Mrs. Dale had been teaching this for so many years that she had it routined to a fare-thee-well. She would teach us what’s laughingly called “touch” typing – as opposed to what? Blowing on the keys? She arrayed us across a chessboard of typing tables and ordered us not to touch the keys. Because we were to learn to anchor our hands on the keyboard so that our fingers rested naturally on certain keys. Then the drills began. Bizarre sequences of adjacent letters: fgfgfg, hjhjhj, to give us mastery of the home row before we were sent to the outfield.
I tried it. It slowed me the hell down. So I sat in the back of the room and faked it until it came time for the final exam. You had to type 40 words per minute to pass. This I did easily. “But you did it wrong!” Mrs. Dale exclaimed. “You’re just – you’re just hitting keys!” I explained that I’d already been typing for a few years, and saw no need to change my approach. She reasoned that she couldn’t fail me, as I’d satisfied the only stated requirement. But she felt duty-bound to punish me for my transgression, and gave me a C. By this time, the age of twelve, I’d become familiar with the bureaucratic logic of grown-ups, but it still was a disappointment. And it didn’t help me win friends – what if my approach were contagious?
I worked for many years on that portable manual typewriter, although electric typewriters beckoned with their speed and tactile submission. They were too expensive to consider. I moved to Schenectady in 1980 to work for a classical-music radio station, which shared space with a TV facility – and every desk was topped with a sleek, self-correcting IBM Selectric II. It was so fast, so responsive that it seemed to anticipate your keystroke (take that, predictive text!) and whirl its little typeface ball into position to kiss the carbon ribbon and leave a beautiful letter on the page. Wrong letter? Wrong sentence? Send the cursor backward with the correction key and that carbon impression literally was lifted away.
“I can get you one of those.” One of my listeners, a fan whose tastes ran from Mahler to Zappa, supported himself with jobs in a burglar-alarm dispatching center and a downtown Albany liquor store. “My boss at the store has a bunch of Selectrics on a shelf in the back.” I paid a nominal fee and brought home this wondrous machine just in time to hear a news segment describing a rash of Selectric thefts plaguing office buildings.
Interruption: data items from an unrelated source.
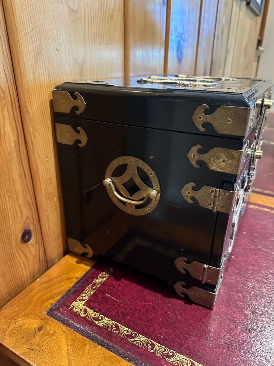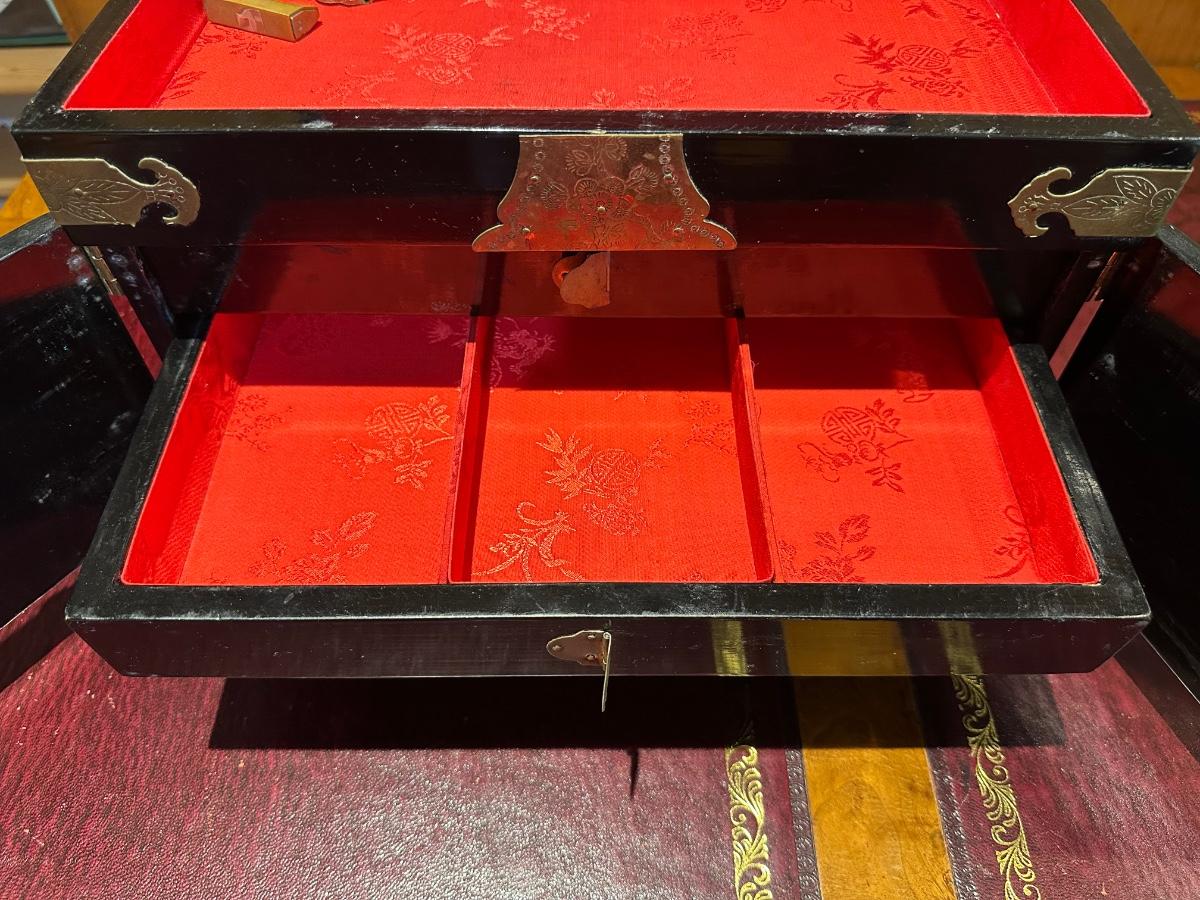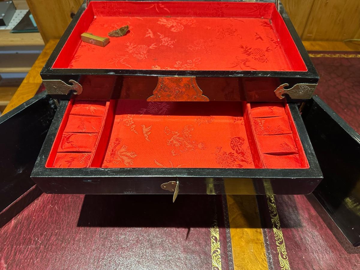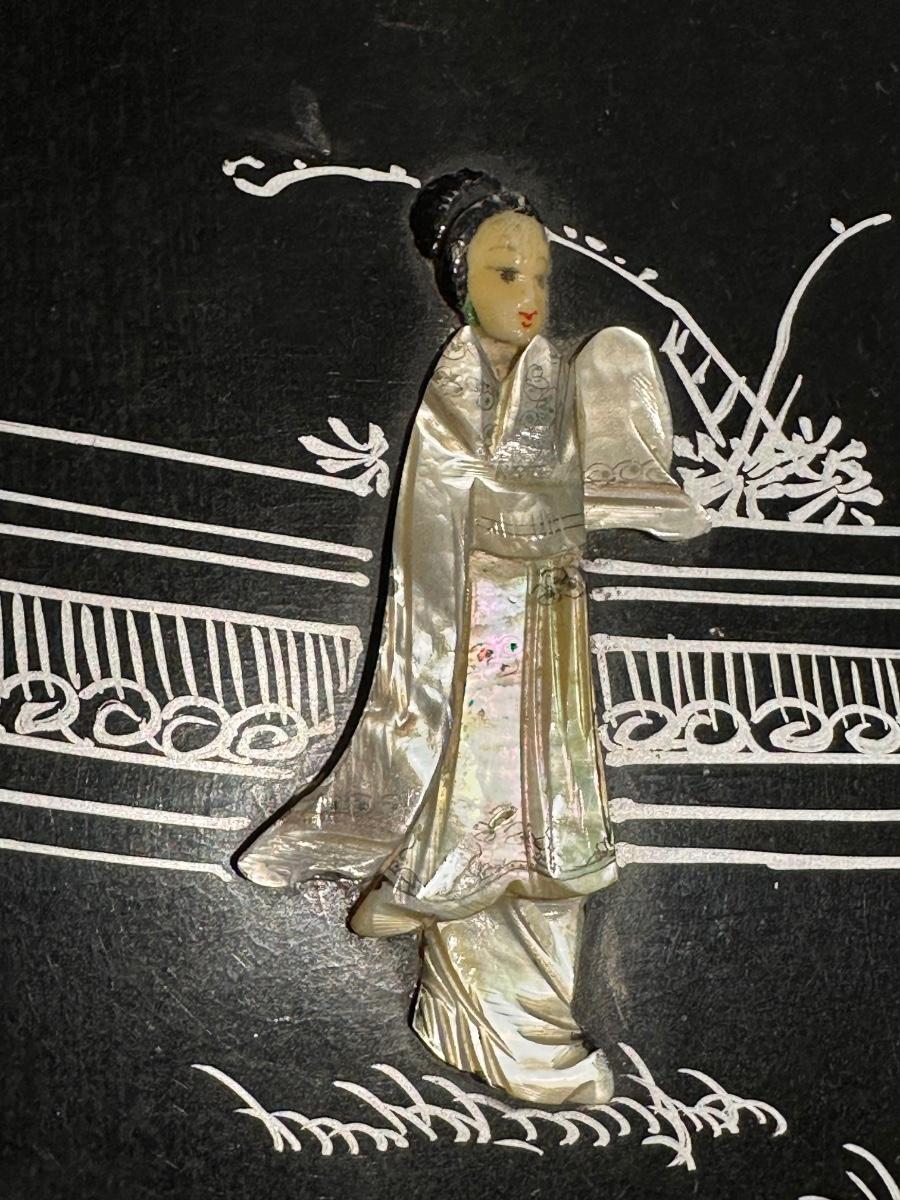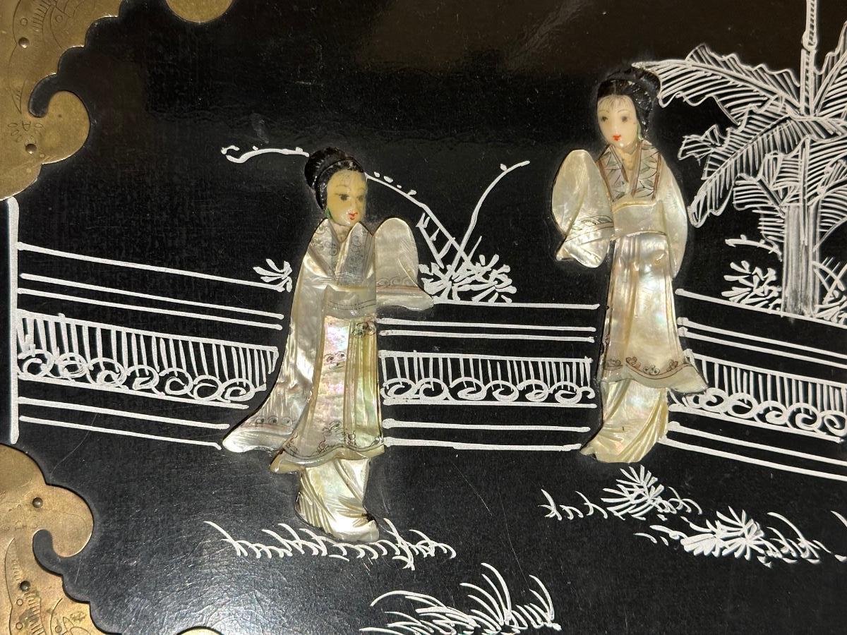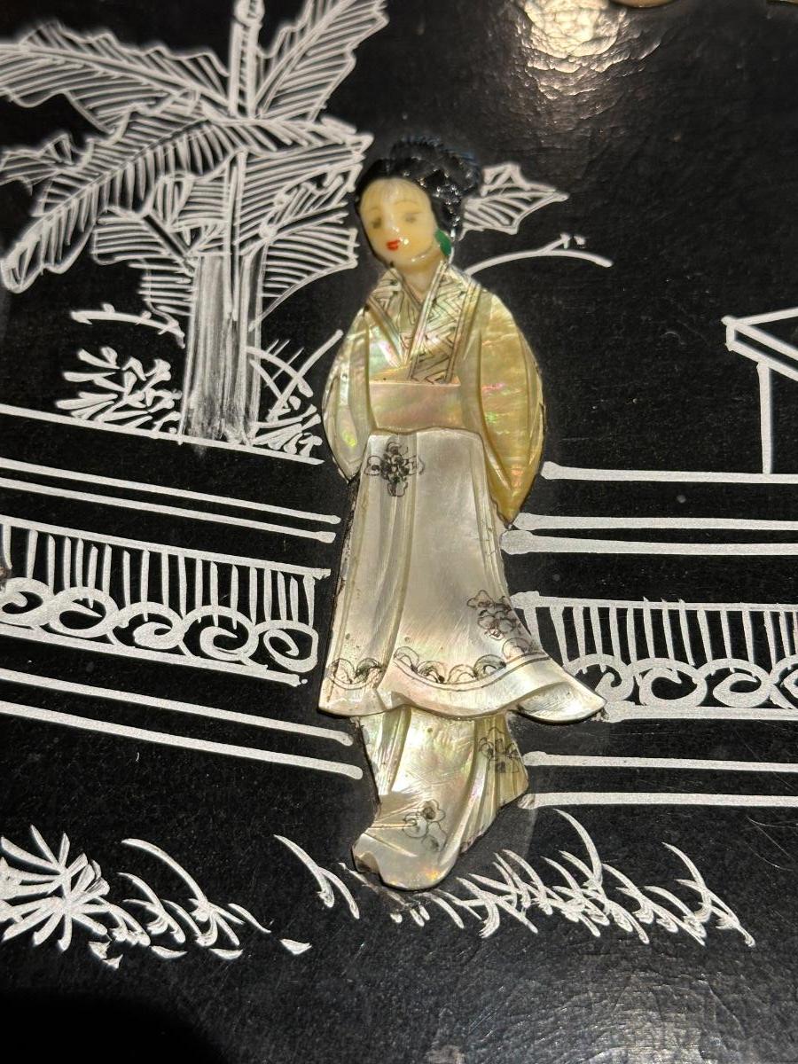 VINTAGE ASIAN BLACK LACQUER AND BRASS JEWELRY BOX WITH MOTHER OF PEARL GEISHA GIRLS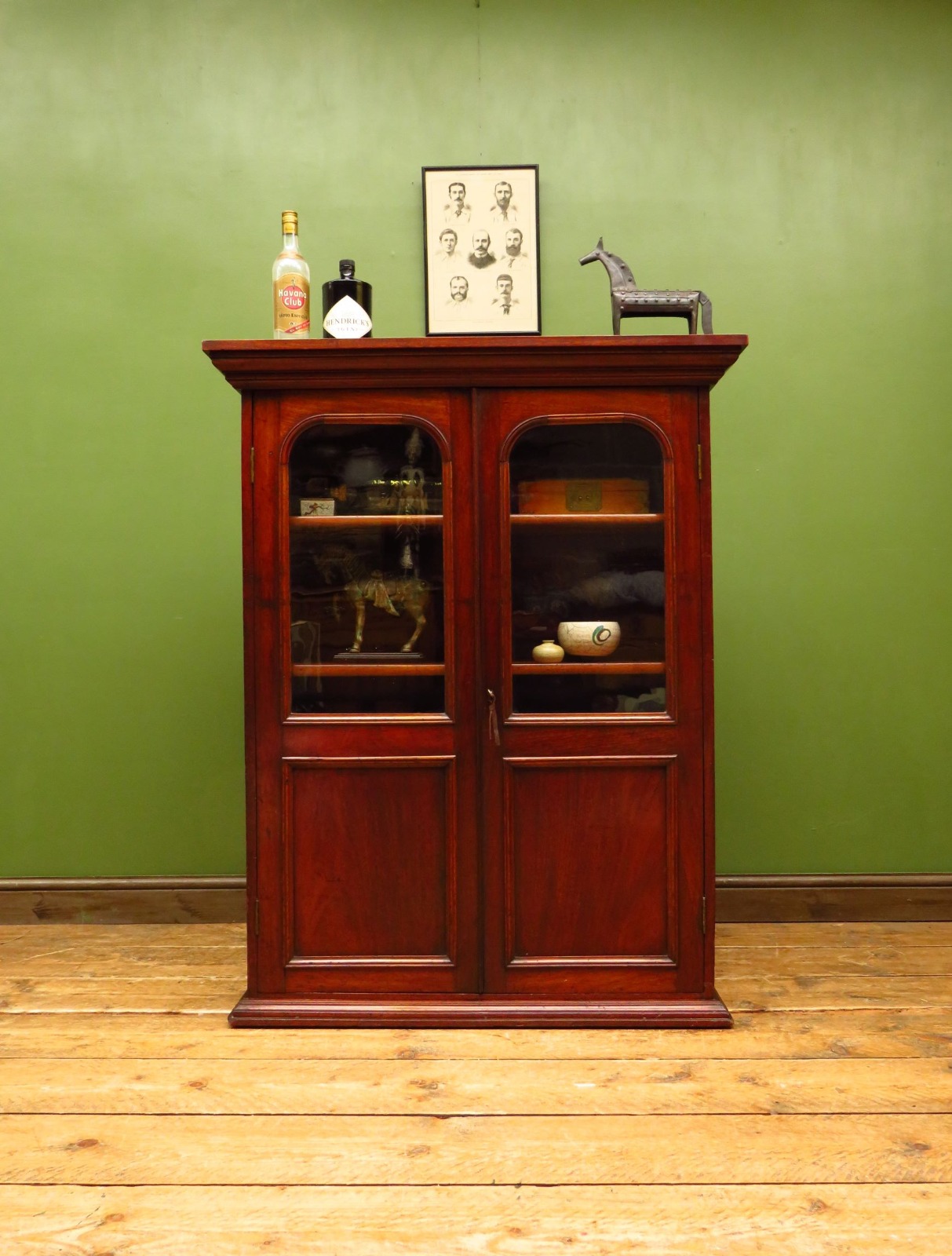 Antique Glazed Book Cabinet Display Cabinet with Adjustable Shelves & Key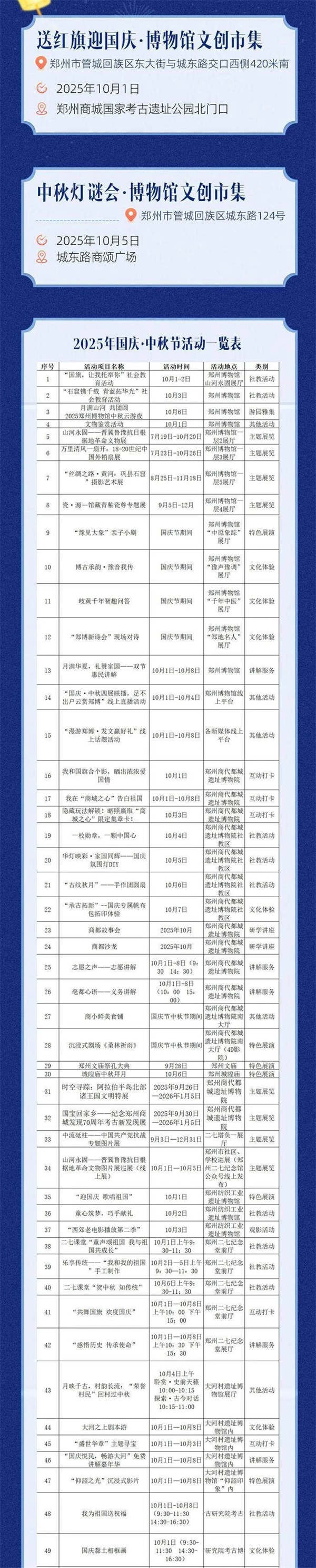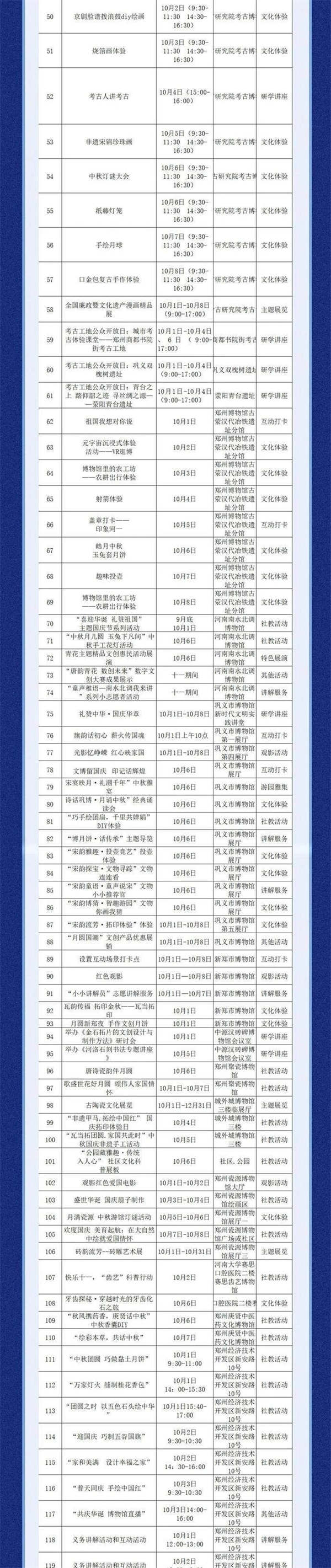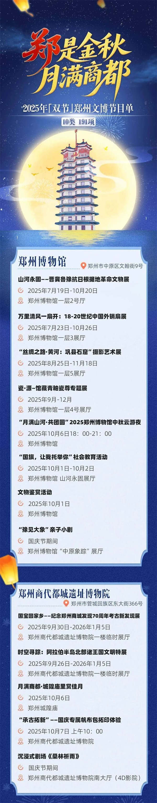 為切實(shí)滿足市民群眾的節(jié)日文化需求,充分展現(xiàn)鄭州作為“商都文化之城”的獨(dú)特魅力,今年國慶中秋假期,鄭州市文物局以“鄭是金秋 月滿商都”為主題,精心策劃了10類191項(xiàng)多彩紛呈的活動(dòng),為廣大市民群眾呈現(xiàn)豐富多彩的節(jié)日文化盛宴。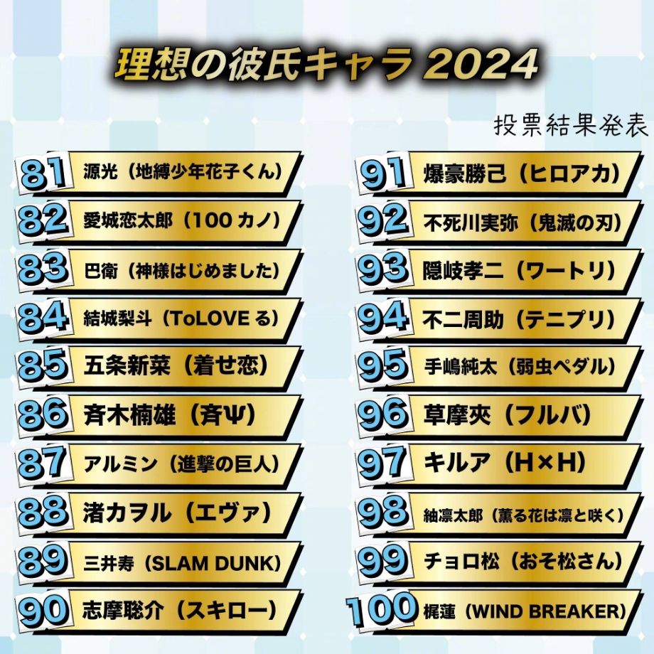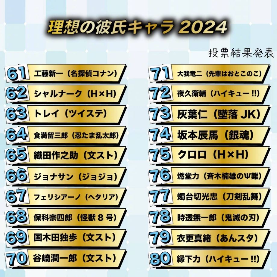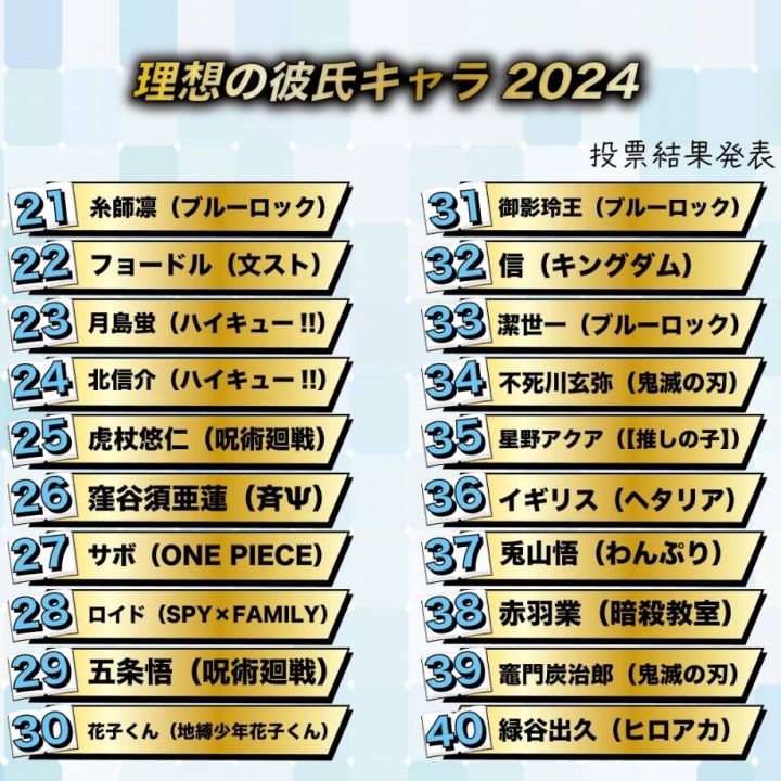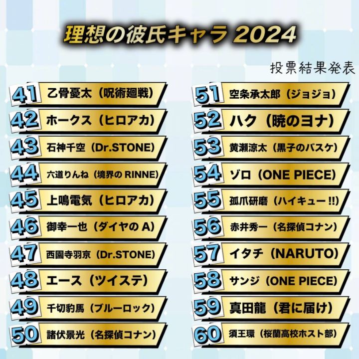 日网粉丝票选【动漫理想男友2024】TOP20🏆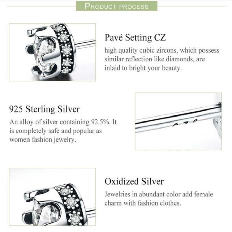 Crown S925 Sterling Silver Women Earrings With Zircon Earrings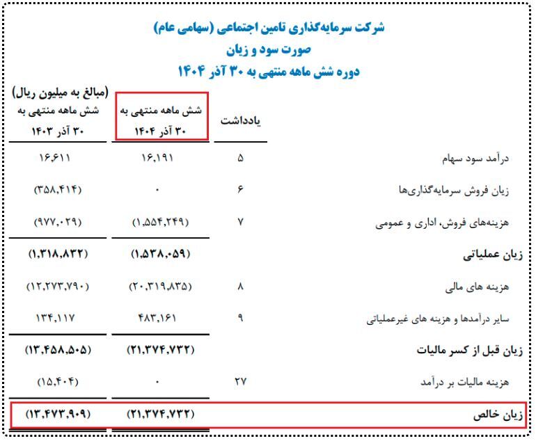بررسی آمار رسمی منتشرشده در سامانه کدال نشان می‌دهد شستا در شش ماهه منتهی به پایان آذرماه، با زیان خالص بیش از ۲ هزار و ۱۰۰ میلیارد تومان مواجه شده؛ رقمی که نسبت به مدت مشابه سال قبل ۵۹ درصد افزایش داشته و از تعمیق بحران درآمدی در این مجموعه اقتصادی خبر می‌دهد.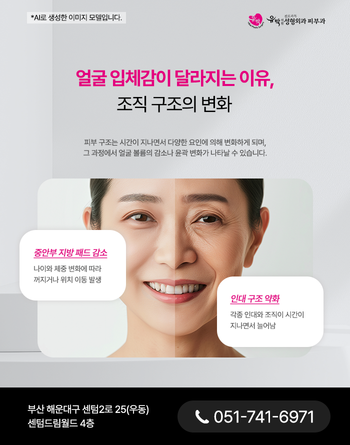 급격한 체중감소가 발생할 경우 얼굴 지방층이 함께 감소하면서 볼륨이 줄어드는 현상이 나타날 수 있으며 스트레스, 자외선 노출과 같은 생활 환경 요인 역시 피부상태와 조직 탄력도에 영향을 줄 수 있습니다.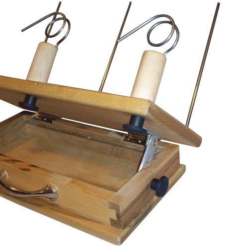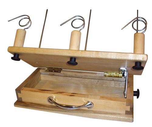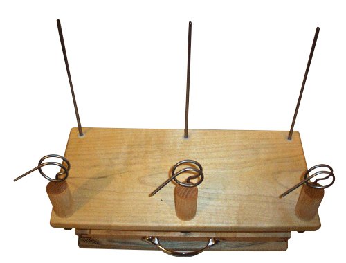 Dovetailed hardwood box even stores all of the guides, rods, peg, and knobs inside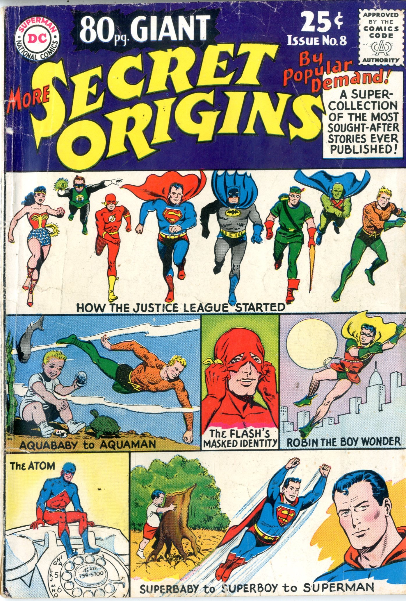 March 1965 More Secret Origins Origins of JLA, Aquaman, Robin, Atom, & Superman Murphy Anderson cover & art Gardner Fox, Jack Schiff, Robert Bernstein, Bill Finger, John Broome, Otto Binder story Mike SekowskyBernard Sachs, Sheldon Moldoff, Gil Kane, Ramona Fradon, Sheldon Moldoff, Charles Paris, Carmne Infantino, Joe Giella art See photos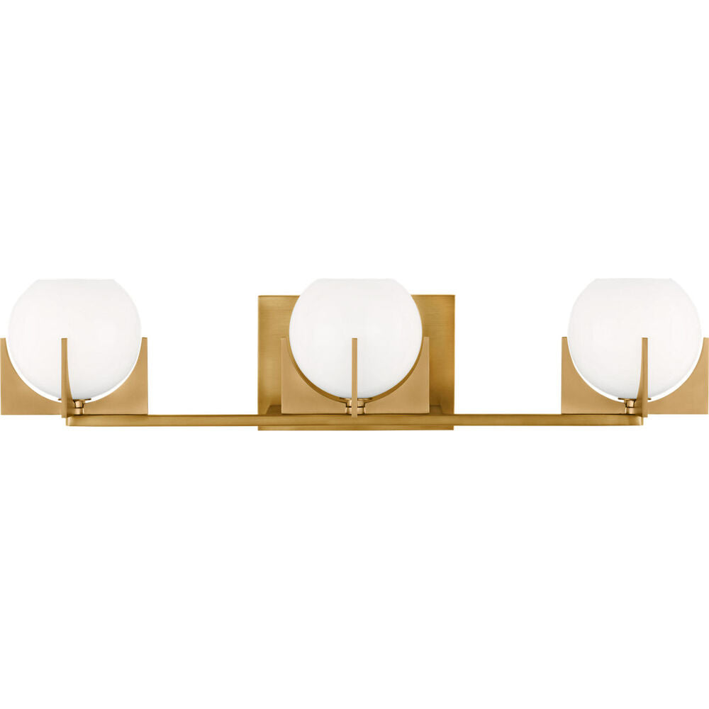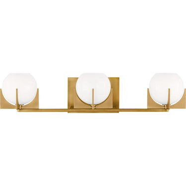 The Abbott three-light vanity fixture in Burnished Brass provides abundant light for your bath vanity while adding a layer of today's style to your interior design. An updated take on a retro design, the Abbott vanity lights bring a splash of mid-century modern inspiration to your decor. Crafted of metal and suited for damp spaces, this streamlined fixture is offered in three sizes to fit comfortably above a vanity or single as a sconce-round-shaped milk glass shades in a satin hue complete the look and diffuse brightness.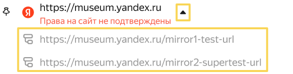 Yandex Webmaster, bir sitenin ana adresini ve ikincil ayna sitesi gruplarını. Bir sitenin ikincil aynasını eklerseniz, site listesi ana adresi ve yönetim haklarınızı doğrulamanız gerektiğini belirten bir mesaj gösterecektir.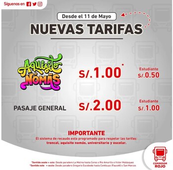 Tal y como anunció Martín Ojeda, vocero de (ACTU), los precios de los corredores Morado, Rojo y Azul se verán incrementados desde este miércoles 11 de mayo. El único que no sufrirá modificación alguna en su tarifa es el Amarillo.

Because each keystrike was a unique impression on the ribbon, I was able to yank the spent portion from its plastic shell and read enough of what had been previously written to discover the very desk at the State Office complex from which the machine had been swiped. I rationalized my retention of this machine by thinking of all the people I was sparing the agony of my handwriting – and eventually I went legit, buying a discounted Selectric from a printing shop that my wife used to work for. That all went away, or course, by 1986, when I got my first computer – but that’s another story.